27: Regulation Proposals
Published on 2024-04-25
Preparatory Readings:
Sunstein: Regulation Ideas
In this chapter, Sunstein offers some examples of regulations that he thinks would help to improve the conditions for deliberative democracy in the digital age.
Please consider these proposals with your own paper and regulation proposal in mind.
Did any of these proposals strike you as particularly promising or useful for the proposal paper you’re writing? How so? How might it apply to the case you are considering?
Did any of these proposals seem particularly un-promising, problematic, or ineffective? How so? Why?
Course Exam Review
Exam Format
The final exam format will consist of two parts. (1) A question section composed primarily of multiple choice, quotation identification, and/or short answer questions and (2) then two essay questions asking you to explore and articulate some of the big ideas we’ve been discussing throughout the semester. You’ll have 2 hours to complete the exam.
In preparation for class and our review session, consider the following bullet points. Please annotate any ideas you would like to discuss, review, or clarify during our class review session.
Big Course Ideas
- How do the big ideas of our previous units connect/relate to our discussion of media and deliberative democracy?
- For example, ideas like:
- The Medium is the Message
- The Living (oral culture) vs. the Dead (literary culture)
- What were some of the pros and cons, strengths and weakness of each culture according to Ong?
- McLuhan sometimes refers to the electronic age as the second age of orality. Why?
- How does the dynamism of oral culture re-emerge in the digital age?
- Do we see some of the strengths of oral culture noted by Ong re-occurring?
- Are we losing some of the strengths of literary culture noted by Ong?
- Shannon’s theory of information.
- How does Shannon’s theory of information make possible the kind of communication dynamism, speed, and scale that creates new “Latent Ambiguities” for us in the digital age?
- Hyperlinks, Interconnectivity, Multi-sequence
- To what extent are these features of the text in digital age contributing to the “Latent Ambiguities” we face in the digital public sphere?
Deliberative Democracy in the Digital Age
- Rousseau’s unique political aspiration.
- The difficulty Rousseau has in achieving this aspiration.
- Kant’s ideas about the conditions necessary for the “will of the people” to emerge.
- Mill’s argument for why “more speech generally means better deliberation”.
- There at least four distinct arguments here.
- Why Brandeis’s protection of “free speech” shows agreement with the previous arguments of Kant and Mill.
- Why Holmes argument for the same protection of speech is based on a different principle or value.
- What is a Latent Ambiguity and why is the Brandeis/Holmes decision a good example of such an ambiguity.
- Habermas’ idea of the “Public Forum” and the “Ideal Speech Situation”
- Why does democracy need the public forum?
- Why does the speech situation of the late 18th and early 19th century come close to resembling this ideal speech situation?

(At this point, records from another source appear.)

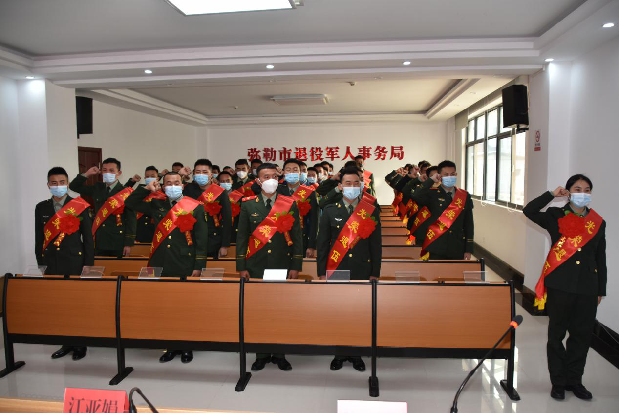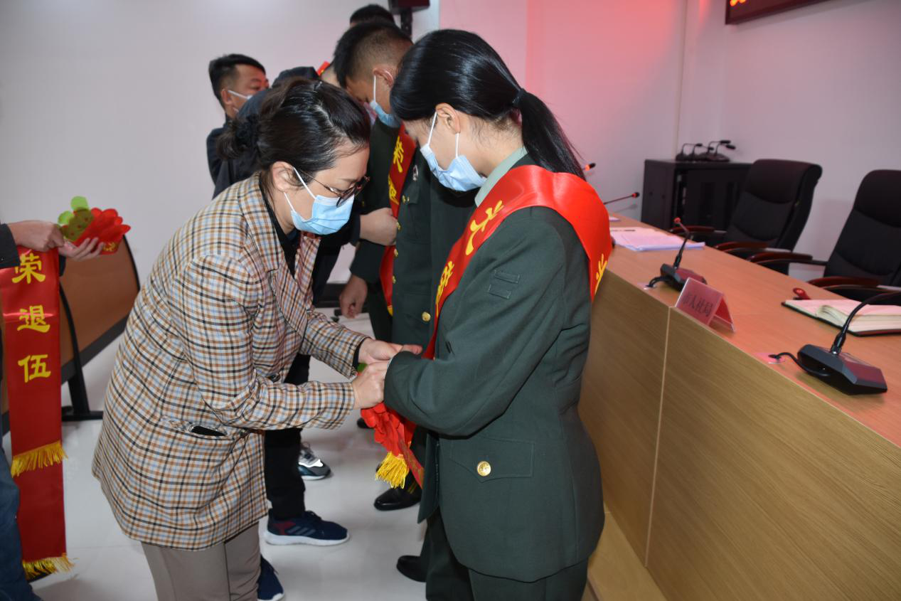 会上,参会各位领导为退役军人佩戴“光荣退伍”绶带和胸花,随后集体学唱《退役军人之歌》,重温军人誓词,党员重温入党誓词。由市退役军人事务局进行相关政策培训,市人社局进行就业创业政策培训及岗位推介,并鼓励退役士兵,要继续保持和发扬人民军队的优良传统,以更加饱满的激情、更加昂扬的斗志、更加务实的作风,投身到家乡经济社会发展的新舞台,在各条战线、各行各业开花中结果。
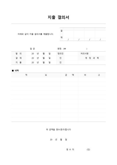 회사에서 필요한 물품을 구매할때 사용하는 서식이다. 구성요소는 발의, 결제, 지출, 적요등으로 구성되어 있으며 모든 지출결의서의 내용은 반드시 예산관리대장에 기재하여야 하며 결재자는 예산금액을 반드시 확인하여 결재하여야 한다
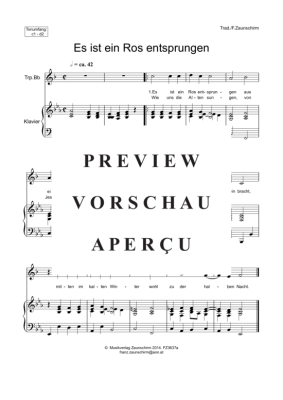 Es ist ein Ros entsprungen - Noten für Trompete in B + Klavier/Orgel Traditional (Zaunschirm)
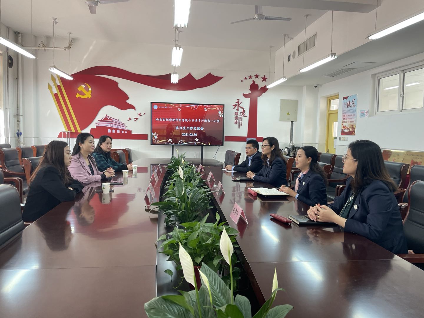 为积极推进毕业生就业工作,3月30日,师范学院党总支书记曹莹、组织员兼党总支副书记姚君波、辅导员刘昱彤等前往浐灞一小、浐灞三小以及未央区教育局洽谈毕业生就业工作。 在浐灞一小,校长付睿带领大家参观了校园,...
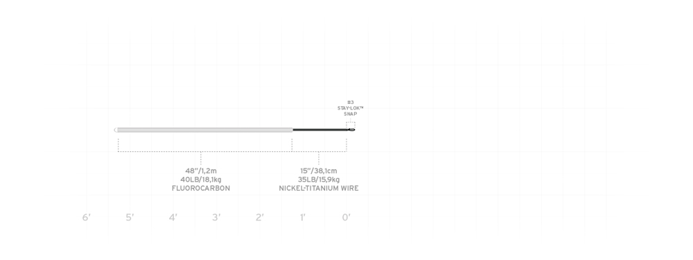 Specs: 48” 40LB fluorocarbon 15” 35LB single-strand titanium Size 3 Stay-Lok Snap
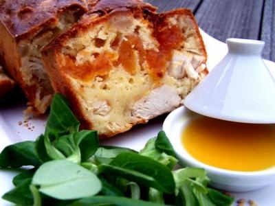 Ajouter à la base du cake les amandes, les dés de poulet et les morceaux d'abricots.
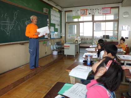 5月14日(火)1校時には,学校運営協議会理事の高須正義様を講師に迎えて,キュウリやナスの育て方や世話の仕方を指導していただきました。
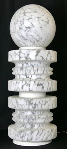 42 - MONUMENTAL VISTOSI MURANO GLASS TOTEM LAMP Mid-century modern Murano art glass sculptural totem lamp with globe by Vistosi. Three pieces of speckled white and clear frosted glass separated by white enameled metal spacers. Holds original labels inside glass. Measures 34" (86cm) height.
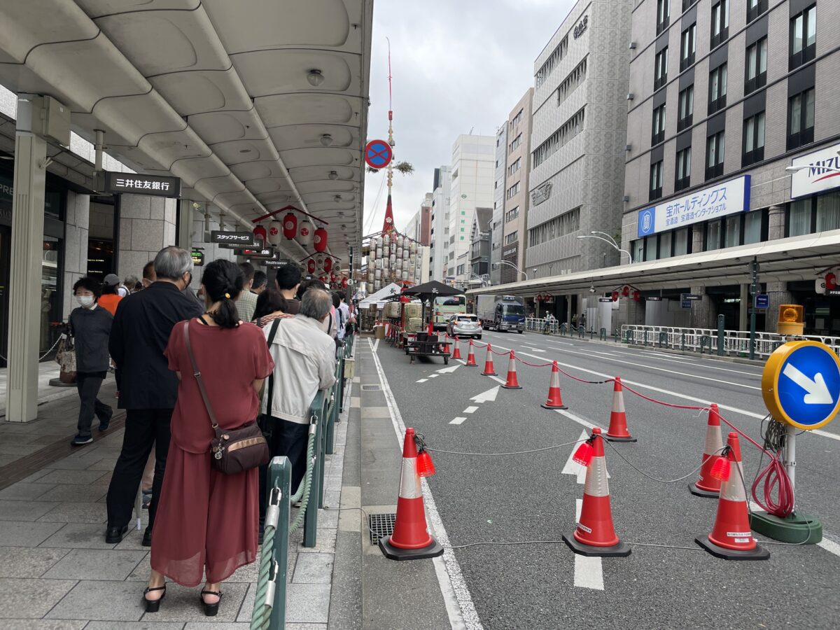 筆者は四条烏丸と河原町の中間地点、「くじ改め」と「注連縄切り」が行われる中間地点に陣取りました。

- What is Neo-Feudalism and why does it threaten the public forum and simultaneously hide the fact that this threat exists?
- Why did the Internet initially look like a chance to restore the “Ideal Speech Situation” and recapture the public forum?
- In what ways might the Internet of the 21st century be said to be at risk of returning to “Neo-Feudalism”?
- The nature of regulation
- Why does the Internet seem “less” regulable according to Lessig?
- WHy is the Internet actually (or potentially) quite regulable, and perhaps the most regulable communication system ever invented?
- What are the four modalities of regulation identified by Lessig?
- How does regulation (in these different forms) function both as a constraint and as protection?
- Consider here why Habermas would say the pursuit of consumer sovereignty alone is self-defeating. Why is consumer freedom/choice lost if it is not also regulated?
- How does Hobbes express this idea?
- The Daily Me: Filtering as a threat to deliberative democracy
- What does Sunstein mean when he refers to the “Daily Me”?
- Why is filtering information necessary and important?
- (In fact, why does Shapiro think the Internet offers democracy better ways of filtering?)
- How did old code constrain “filtering” in ways that were seemingly good for deliberative democracy?
- Why might these constraints seem like “bugs”, when they could actually be “features”?
- What are som examples?
- How have changes in the code removed the “bugs” or “friction” in the old code and thereby created potentially new problems for democracy?
- What is the difference between polarization and a deliberative enclave?
- Why can the Internet’s ability to foster group formation be seen as both a good and bad thing for deliberative democracy?
- What other factors determine when group formation is a benefit for deliberative democracy and when it is a threat?
- What impact does the medium have on group polarization?
- How might the medium contribute to cybercascades or “illusions of preponderance”?
- How do the Podcast about Youtube illustrate this?
- How can regulation be used to protect these features that were previously protected by the “imperfections” of the old code?
- Why must a regulator be extra careful when regulating political speech? How would Habermas explain this concern?
- What are the different forms of neutrality that regulation can take with respect to speech? What are the pros and cons of these different approaches?